Preparing for future events is critical for any business owner. That’s why it is essential that business owners and entrepreneurs create contingency plans in the case of incapacity or death.

Most small businesses revolve around one or two key owners. While they are alive and healthy, the business can thrive. But when they become unable to directly manage the business, the business tends to fail. Since your employees and family are depending on this business, it is wise to make plans that can be put into place immediately and keep the business alive.

Preparing for this eventuality includes a variety of essential legal documents. The most basic of which are core estate planning documents of wills, trusts, and powers of attorney.
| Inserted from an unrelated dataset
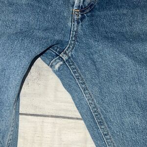 Jeans have additional distressing. Rip, distressing on the back. See all photos.

When prepared with your business in mind, the business can continue without you, albeit in a much impaired state. By empowering family, co-owners, and trusted employees, the business can get back on track to profitability.

An additional document that all business owners should have is a buy-sell agreement. This agreement is most useful in partnerships where one partner buys out the impaired partner using a predetermined valuation of the business. This provides much needed funds for your family while giving the remaining partner control over the business assets and activities. Even sole proprietors can use buy-sell agreements with others in the same industry.

In some cases, it may be wise to place the business ownership into a trust. Trusts are administered outside of the probate system. The probate system is public and the transfer of businesses through probate may mean publicly disclosing finances and assets. A trust could also be used to provide a revenue stream to heirs that don’t wish to work within the business directly while keeping the business available for those that do.

Owning and operating a business can be exciting and rewarding. Building the business is only half the equation. The business needs to be protected through skilled estate planning. An attorney with experience in these matters can suggest other documents or plans that could further protect your business for the future.